The stage history of The Merchant of Venice from the time Shakespeare wrote it to the present day, and a look back at some RSC productions.

First recorded performance

The title page of the first edition of the play, printed in 1600, states that it has been 'divers times acted by the Lord Chamberlaine his Servants'. The first recorded performance was at court on Shrove Sunday, 10 February, 1605. King James and his courtiers must have enjoyed it because it was performed again two days later.
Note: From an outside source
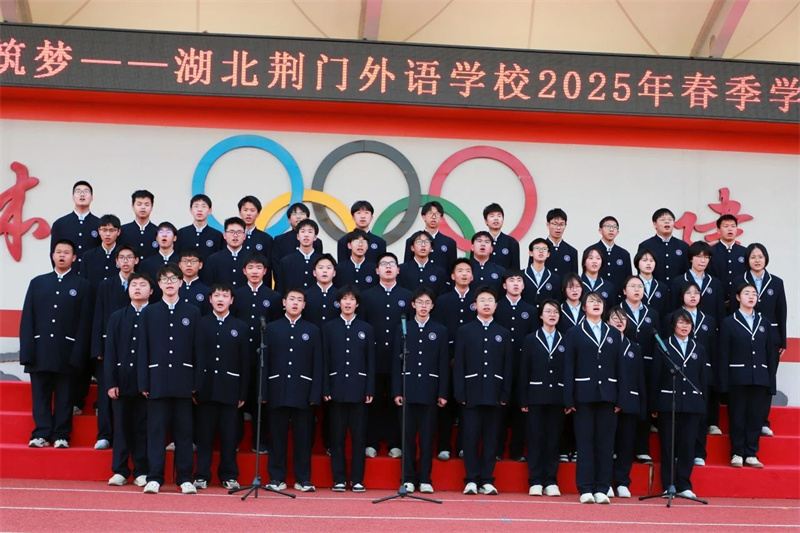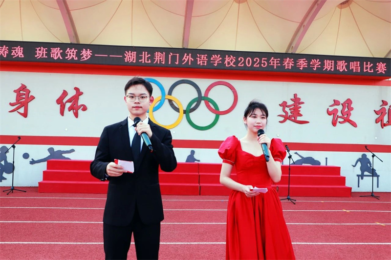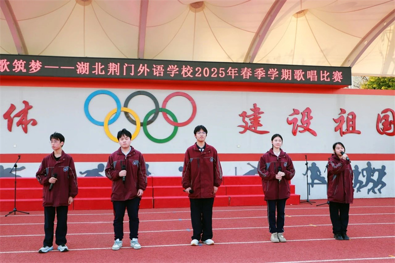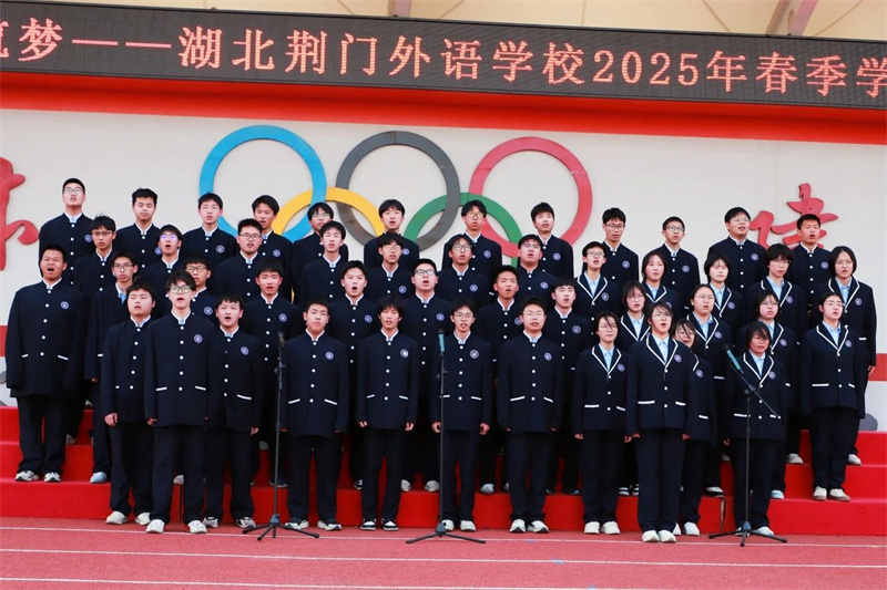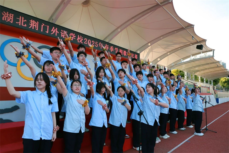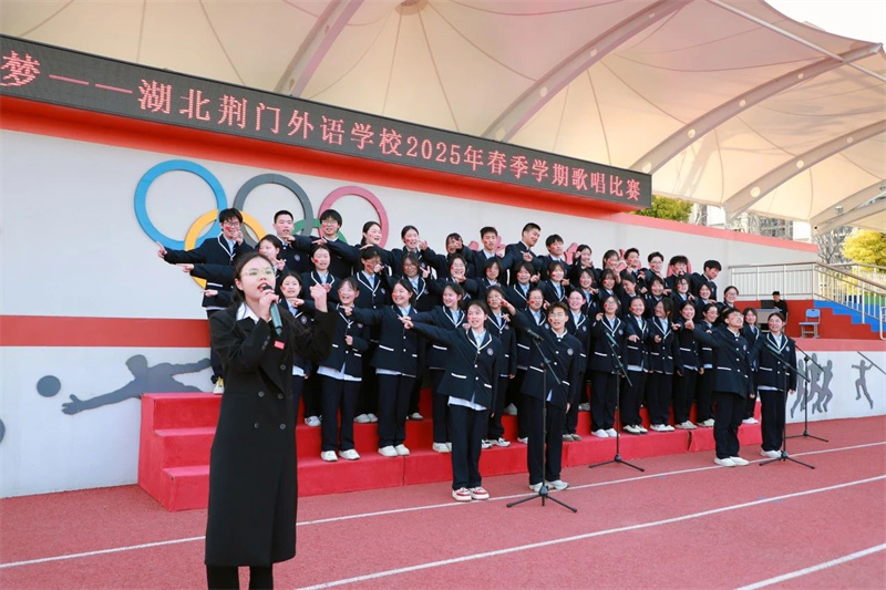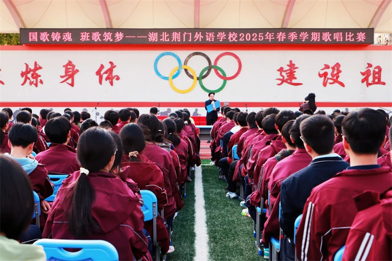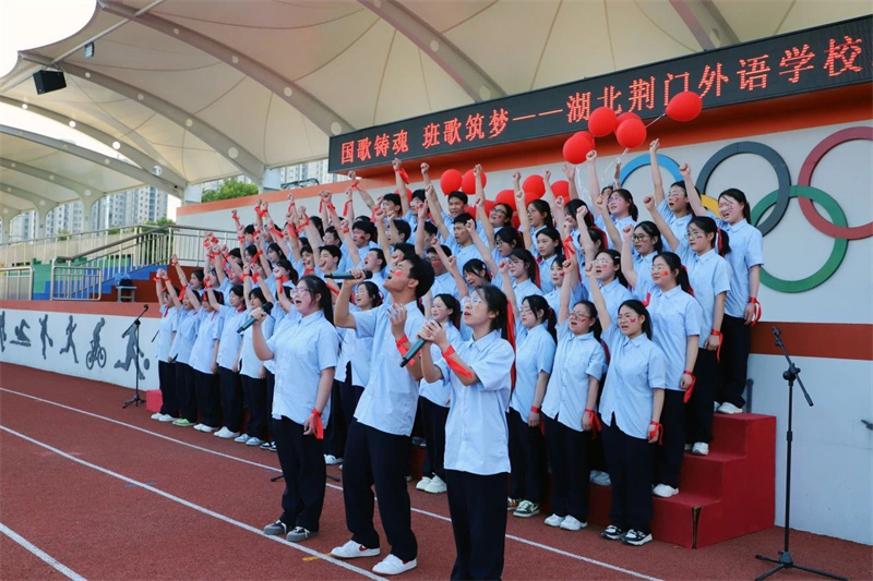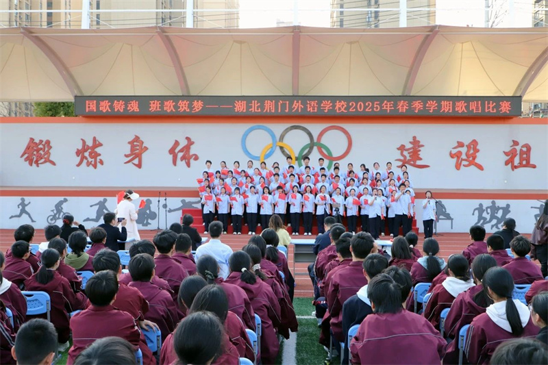 湖北荆门外语学校始终践行“以美育人、以文化人”的理念。2025年3月21日下午成功举办了“国歌铸魂 班歌筑梦”歌唱比赛。这次比赛,既是艺术素养的展示,更是德育实践的课堂:在国歌中感悟信仰的重量,理解“中华民族到了最危险的时候”不仅是历史回响,更是居安思危的警钟;在班歌中体会协作的温度,懂得“一个人可以走得快,一群人才能走得远”的成长真谛;在排练中锤炼坚持的品格,那些课后反复磨合的时光,终将成为青春最美的勋章。

Public, rather than court, performances of Shakespeare's plays were performed in the open air, in daylight, on a simple thrust stage. No scenery and a minimum of props allowed the action to move swiftly and the audience to focus on the language. Music and costume added to the effect. Shakespeare wrote his plays with the strengths and talents of his fellow players in mind. His gifted boy players took the female roles so that the original audience had the unsettling experience of watching boys playing girls playing boys in the roles of Portia and Nerissa in the trial scene.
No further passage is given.